Operational Considerations

Clean Shutdown

Before maintenance, cleanly stop pipelines to flush checkpoints:

# Pause ingestion
curl -X POST http://localhost:8080/pipelines/{name}/pause

# Wait for in-flight batches to complete
sleep 5

# Stop pipeline
curl -X POST http://localhost:8080/pipelines/{name}/stop

Checkpoint Inspection

View current checkpoint state:

# List all checkpoints
curl http://localhost:8080/checkpoints

# Get specific pipeline checkpoint
curl http://localhost:8080/checkpoints/{pipeline-name}

Monitoring

Key metrics to monitor:

  • deltaforge_checkpoint_lag_seconds: Time since last checkpoint
  • deltaforge_checkpoint_bytes: Size of last checkpoint
  • deltaforge_batch_commit_total: Successful batch commits
  • deltaforge_batch_commit_failed_total: Failed commits (policy not satisfied)

Recovery Scenarios

ScenarioBehavior
Process crashResume from last checkpoint, replay events
Network partition (sink unreachable)Retry delivery, checkpoint doesn’t advance
Corrupt checkpoint fileManual intervention required
Source unavailable at checkpointRetry connection with backoff

Best Practices

  1. Use durable storage for production checkpoint backends (not in-memory)
  2. Monitor checkpoint lag to detect stuck pipelines
  3. Configure appropriate batch sizes — smaller batches mean more frequent checkpoints but more overhead
  4. Set required: true only on sinks that must succeed for correctness
  5. Test recovery by killing pipelines and verifying no events are lost
  6. Back up checkpoint files if using file-based storage

Future Enhancements

Planned checkpoint improvements:

  • PostgreSQL backend for HA deployments with shared state
  • S3/GCS backends for cloud-native deployments
  • Distributed coordination for multi-instance leader election
  • Checkpoint compression for large state
  • Point-in-time recovery with event store integration

Schema Registry

DeltaForge’s schema registry tracks table schemas across time, enabling accurate event interpretation during replay and providing change detection for DDL operations.

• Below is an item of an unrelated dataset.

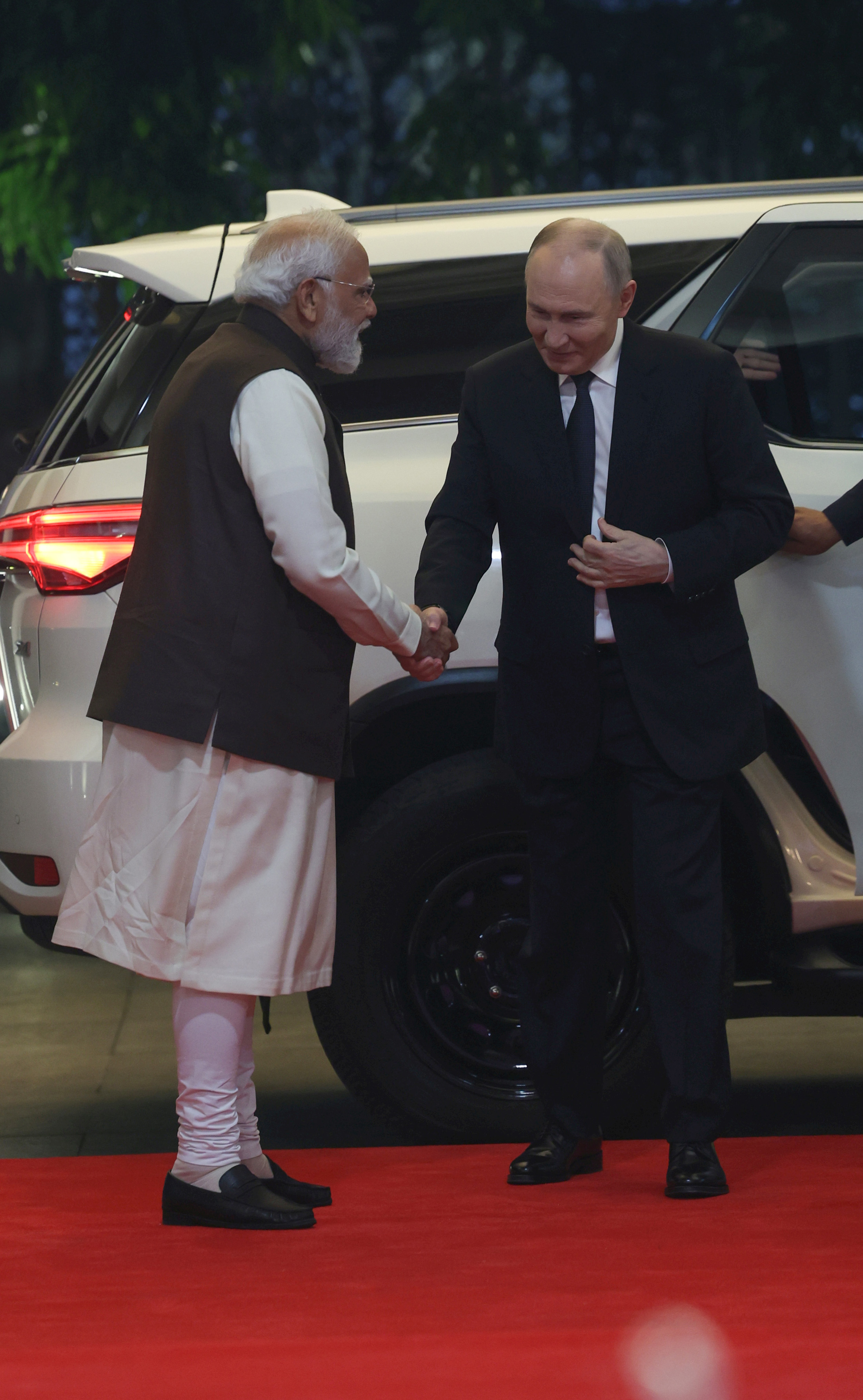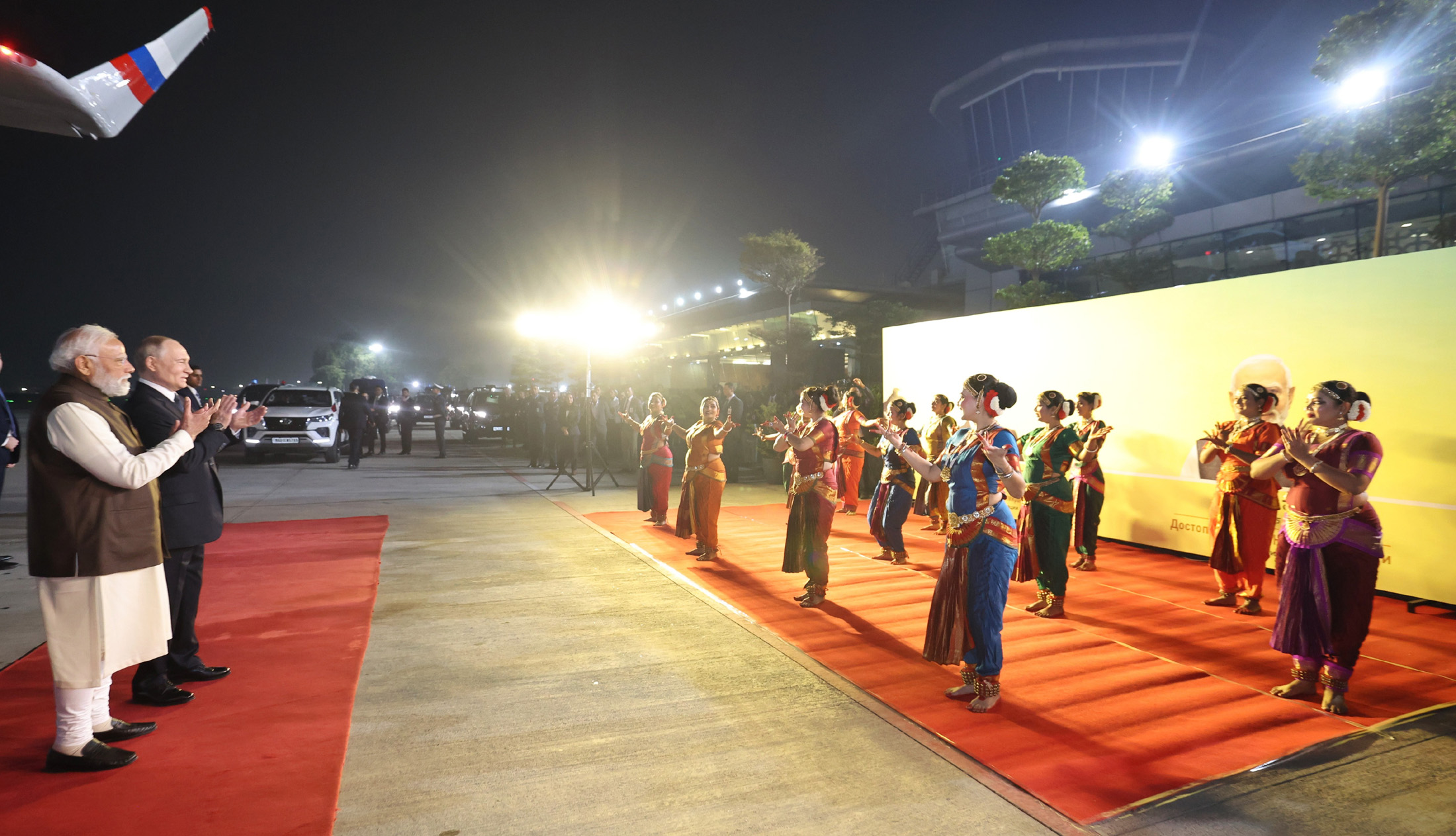 PM receives President of Russian Federation, Mr. Vladimir Putin at the airport, in New Delhi ...

Design Philosophy: Source-Owned Schemas

DeltaForge takes a fundamentally different approach to schema handling than many CDC tools. Rather than normalizing all database schemas into a universal type system, each source defines and owns its schema semantics.

This means:

  • MySQL schemas capture MySQL semantics - column types like bigint(20) unsigned, varchar(255), and json are preserved exactly as MySQL defines them
  • PostgreSQL schemas capture PostgreSQL semantics - arrays, custom types, and pg-specific attributes remain intact
  • No lossy normalization - you don’t lose precision or database-specific information by forcing everything into a common format

This design avoids the maintenance burden of keeping a universal type system synchronized across all databases, and it ensures that downstream consumers receive schemas that accurately reflect the source database’s capabilities and constraints.

The SourceSchema Trait

Every CDC source implements the SourceSchema trait, which provides a common interface for fingerprinting and column access while allowing source-specific schema representations:

#![allow(unused)]
fn main() {
pub trait SourceSchema: Serialize + DeserializeOwned + Send + Sync {
    /// Source type identifier (e.g., "mysql", "postgres", "mongodb").
    fn source_kind(&self) -> &'static str;

    /// Content-addressable fingerprint for change detection.
    /// Two schemas with the same fingerprint are identical.
    fn fingerprint(&self) -> String;

    /// Column/field names in ordinal order.
    fn column_names(&self) -> Vec<&str>;

    /// Primary key column names.
    fn primary_key(&self) -> Vec<&str>;

    /// Human-readable description.
    fn describe(&self) -> String;
}
}

Fingerprinting

Schema fingerprints use SHA-256 hashing over JSON-serialized content to provide:

  • Stability - the same schema always produces the same fingerprint
  • Change detection - any structural change produces a different fingerprint
  • Content-addressability - fingerprints can be used as cache keys or deduplication identifiers
#![allow(unused)]
fn main() {
pub fn compute_fingerprint<T: Serialize>(value: &T) -> String {
    let json = serde_json::to_vec(value).unwrap_or_default();
    let hash = Sha256::digest(&json);
    format!("sha256:{}", hex::encode(hash))
}
}

The fingerprint only includes structurally significant fields. For MySQL, this means columns and primary key are included, but engine and charset are excluded since they don’t affect how CDC events should be interpreted.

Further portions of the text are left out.